PII tokenization
Replace PII in user input with reversible tokens before sending to the LLM, then de-tokenize the response, keeping real data off cloud model APIs.
TL;DR
- Before the LLM call, scan input for PII (names, emails, phone numbers, SSNs) and replace each with a token (
PERSON_1,EMAIL_2,PHONE_3). - A session-scoped token map holds the real values; after the LLM responds, de-tokenize to restore them in the output.
- The LLM never processes real PII, making it safe to route GDPR/HIPAA-sensitive workflows through cloud LLM APIs.
- Token assignment must be deterministic within a session: the same email always maps to the same token, so multi-turn reasoning stays coherent.
- Limitation: PII the scanner misses still reaches the model. Scanner precision determines your actual privacy posture.
The Problem It Solves
Your AI-powered customer support agent needs to process a refund. The user says: "Hi, I'm John Smith, my email is john.smith@acme.com and I'd like a refund on order #12345." Your agent sends this entire message, including the real name and real email, to GPT-4o or Claude to generate a response.

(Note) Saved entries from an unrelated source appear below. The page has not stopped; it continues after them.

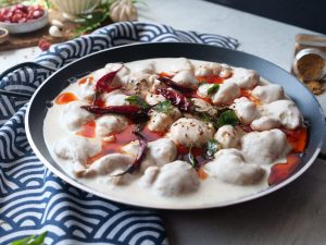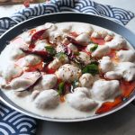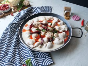 -In a serving dish,add prepared baray & pour prepared yogurt.
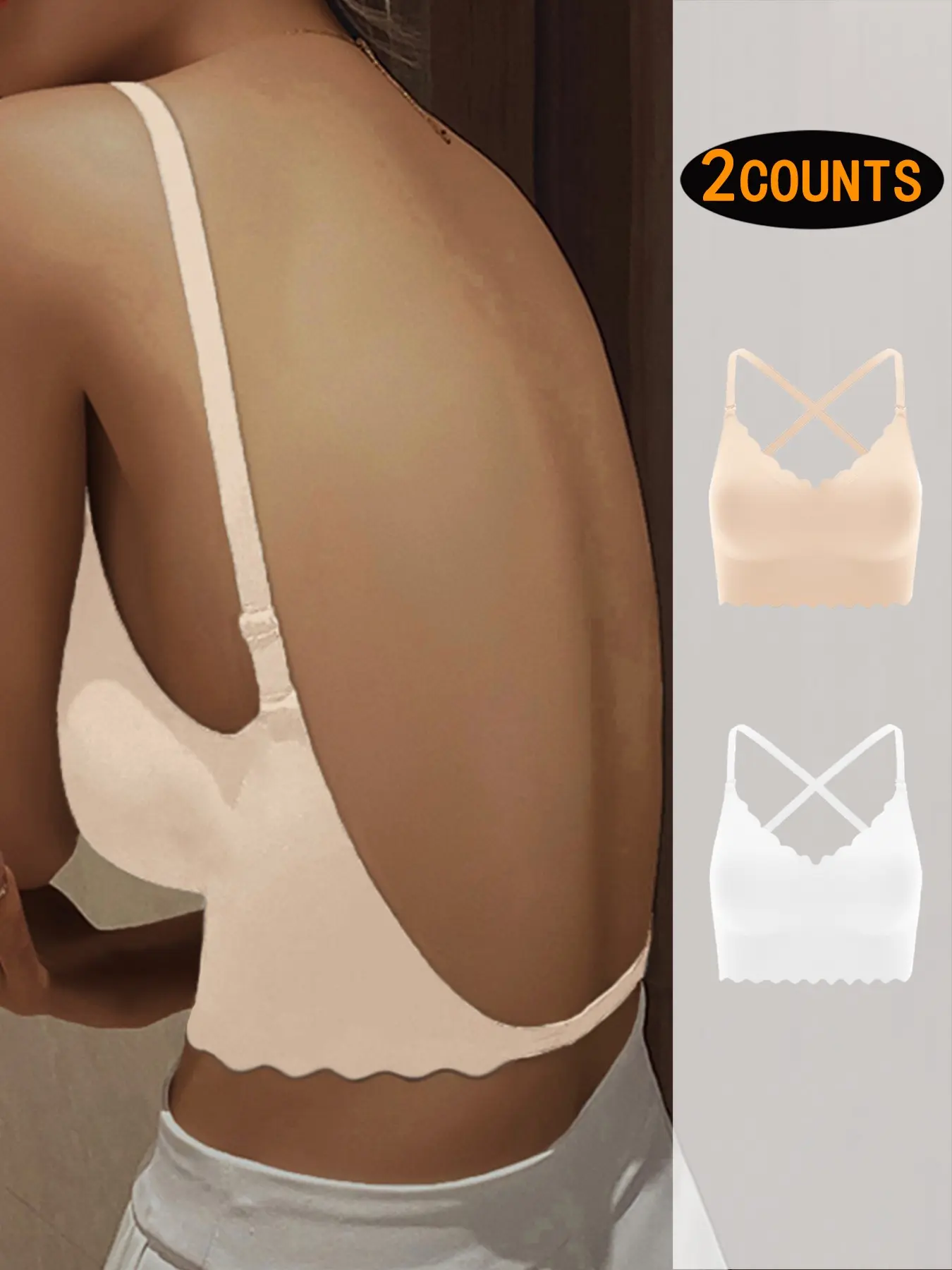 Women's Backless Bra Set, Sexy U-Shaped X-Type Design, Removable Straps, Wave Edge Smooth Seamless Bras, All Seasons, Max Support
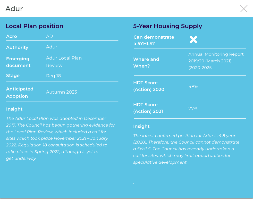 The latest confirmed position for Adur is 4.8 years (2020). Therefore, the Council cannot demonstrate a 5YHLS. The Council has recently undertaken a call for sites, which may limit opportunities for speculative development.

That raw PII now sits in a third-party cloud provider's infrastructure. It's in their logs, potentially in their training pipeline (depending on your data processing agreement), and definitely outside your compliance boundary. If you're in healthcare, finance, or any GDPR-regulated market, this is a violation waiting to happen.

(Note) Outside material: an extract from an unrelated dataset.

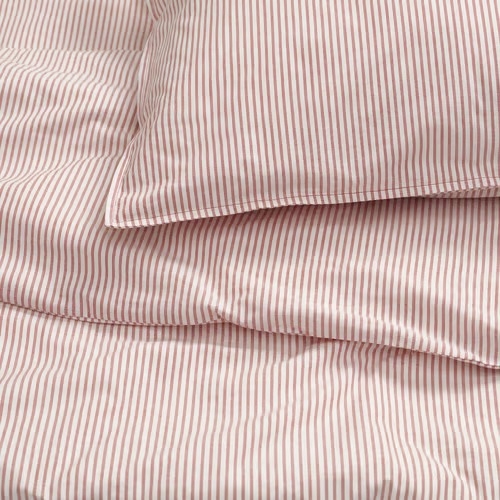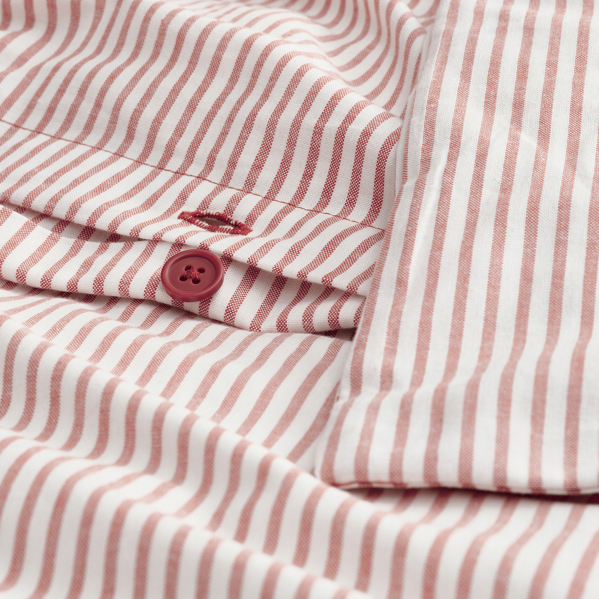 Pościel SOLFIBBLA jest wykonana z miękkiej, 100% bawełny, a barwiona przędza tworzy ponadczasowe czerwono-białe pasy. Grubsza przędza tworzy w sypialni przytulną atmosferę z nutką rzemieślniczego uroku w stylu vintage.

"Just anonymize the data" is the obvious answer. But anonymization destroys the information the agent needs to do its job. You can't send a refund email if you've permanently erased the email address. PII tokenization solves this by replacing real values with reversible placeholders that the LLM can reason about, without ever seeing the actual data.
What Is It?
PII tokenization is an interception pattern that replaces personally identifiable information with reversible placeholder tokens before LLM processing, then restores the original values in the model's output before acting on it. Think of it as a translation layer: real names and emails go in, coded aliases come out, the LLM works with the aliases, and on the way back out, the aliases get swapped back to real values.
The analogy is a courtroom sketch artist. The artist draws the scene accurately, capturing expressions, gestures, and positions, but replaces real faces with stylized representations. The sketch conveys all the information needed for the story without revealing actual identities. PII tokenization does the same thing for text: it preserves the semantic structure while masking the identifying details.
How It Works
The three-phase pipeline
Every PII tokenization system follows the same core pipeline: scan, replace, restore. The scanner identifies PII in the input text. The tokenizer replaces each PII instance with a deterministic placeholder. After LLM processing, the de-tokenizer swaps tokens back to real values before tool execution or user-facing output.
I've seen teams try to skip the scanning phase and just regex-replace anything that looks like an email or phone number. That works for about a week before you hit names, addresses, and context-dependent PII that simple patterns can't catch.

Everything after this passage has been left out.